它(我使用 R2019a)只需要对您的代码进行微小的更改:
function cdapted()
beta = 0.984;
eta = 2;
alpha = 0.35;
delta = 0.01;
rho = 0.95;
sigma = 0.005;
zmin=-0.0480384;
zmax=0.0480384;
nz = 4;
nk=4800;
v=zeros(nk,nz);
v0=zeros(nk,nz);
ev=zeros(nk,nz);
c0=zeros(nk,nz);
%Grid for productivity z
%[1 x 4] grid of values for z
zgrid = linspace(zmin,zmax,nz);
zgrid = exp(zgrid);
% [4 x 4] Markov transition matrix of z
tran_z = zeros([4,4]);
tran_z(1,1) = 0.996757;
tran_z(1,2) = 0.00324265;
tran_z(1,3) = 0;
tran_z(1,4) = 0;
tran_z(2,1) = 0.000385933;
tran_z(2,2) = 0.998441;
tran_z(2,3) = 0.00117336;
tran_z(2,4) = 0;
tran_z(3,1) = 0;
tran_z(3,2) = 0.00117336;
tran_z(3,3) = 0.998441;
tran_z(3,4) = 0.000385933;
tran_z(4,1) = 0;
tran_z(4,2) = 0;
tran_z(4,3) = 0.00324265;
tran_z(4,4) = 0.996757;
% Grid for capital k
kmin = 0.95*(1/(alpha*zgrid(1)))*((1/beta)-1+delta)^(1/(alpha-1));
kmax = 1.05*(1/(alpha*zgrid(nz)))*((1/beta)-1+delta)^(1/(alpha-1));
% [1 x 4800] grid of possible values of k
kgrid = linspace(kmin, kmax, nk);
% Compute initial wealth c0(k,z)
for iz=1:nz
c0(:,iz) = zgrid(iz)*kgrid.^alpha + (1-delta)*kgrid;
end
dif = 10000;
tol = 1e-8;
cnt = 1;
while dif>tol
for ik=1:nk
for iz = 1:nz
tmpmax = double(intmin);
for i = 1:nk
c1 = c0(ik,iz) - kgrid(i);
if (c1<0)
continue
end
c1 = c1^(1-eta)/(1-eta)+ev(i,iz);
if tmpmax<c1
tmpmax = c1;
end
end
v(ik,iz) = tmpmax;
end
end
ev = beta*v*tran_z;
dif = max(max(abs(v-v0)));
v0 = v;
% I've commented out fprintf because double2single cannot handle it
% (could be manually uncommented in the converted version if needed)
% ------------
% if mod(cnt,1)==0
% fprintf('%1.5f : %1.5f \n', cnt, dif);
% end
cnt = cnt+1;
end
end
构建它的脚本是:
% unload mex files
clear mex
%% Build for gpu, float64
% Produces ".\codegen\mex\cdapted" folder and "cdapted_mex.mexw64"

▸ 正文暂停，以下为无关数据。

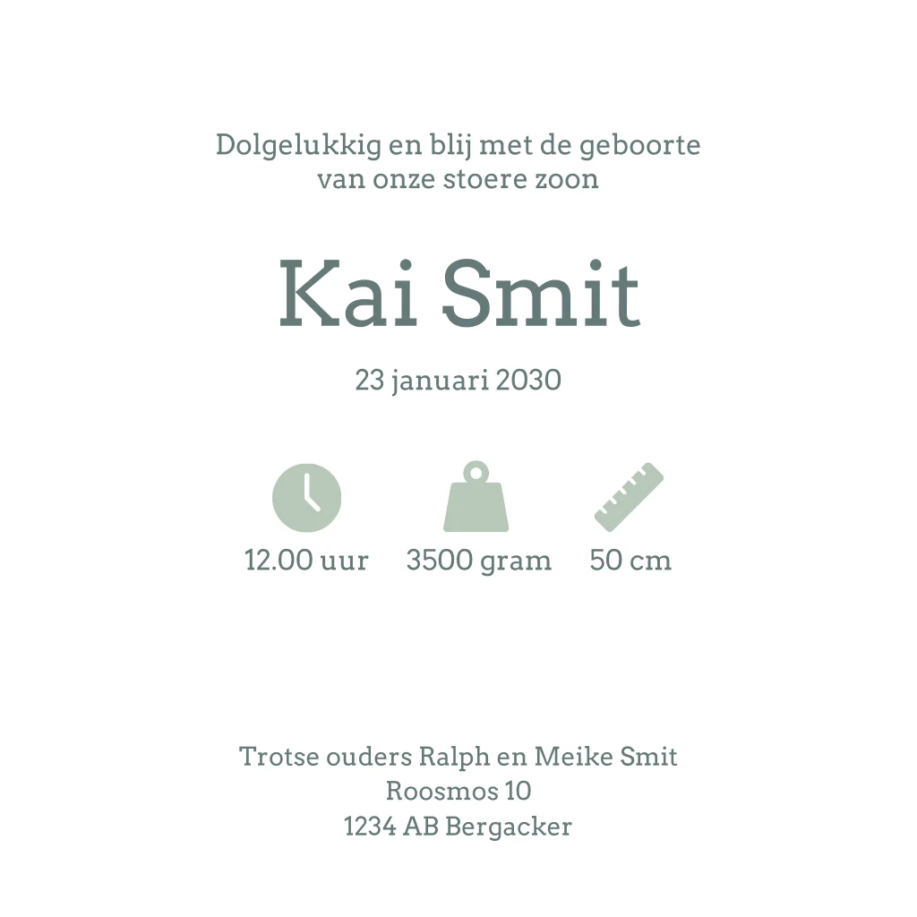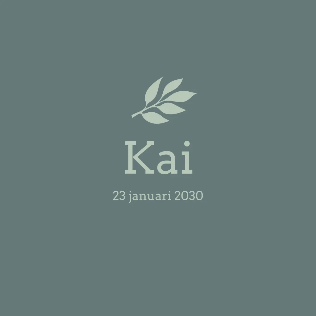 Een strak minimalistisch geboortekaartje met een groene achtergrond. Boven de naam van de kleine staat een kleine takje. Het takje komt aan de binnenzijde van de kaart ook weer terug.

cfg = coder.gpuConfig('mex');
codegen -config cfg cdapted
% benchmark it (~7.14s on my GTX1080Ti)
timeit(@() cdapted_mex,0)
%% Build for gpu, float32:
% Produces ".\codegen\cdapted\single" folder
scfg = coder.config('single');
codegen -double2single scfg cdapted
% Produces ".\codegen\mex\cdapted_single" folder and "cdapted_single_mex.mexw64"
cfg = coder.gpuConfig('mex');
codegen -config cfg .\codegen\cdapted\single\cdapted_single.m
% benchmark it (~2.09s on my GTX1080Ti)
timeit(@() cdapted_single_mex,0)
因此,如果您的 Fortran 二进制文件使用的是 float32 精度(我怀疑是这样),则此 Matlab Coder 结果与其相当。但这并不意味着两者都非常高效。由 Matlab Coder 生成的代码仍然远非高效。并且它没有充分利用 GPU(甚至 TDP 是 ~50%)。
矢量化和 gpuArray
接下来,我同意 and 您的 Matlab 代码看起来不像正常的 "native" 矢量化 Matlab 代码。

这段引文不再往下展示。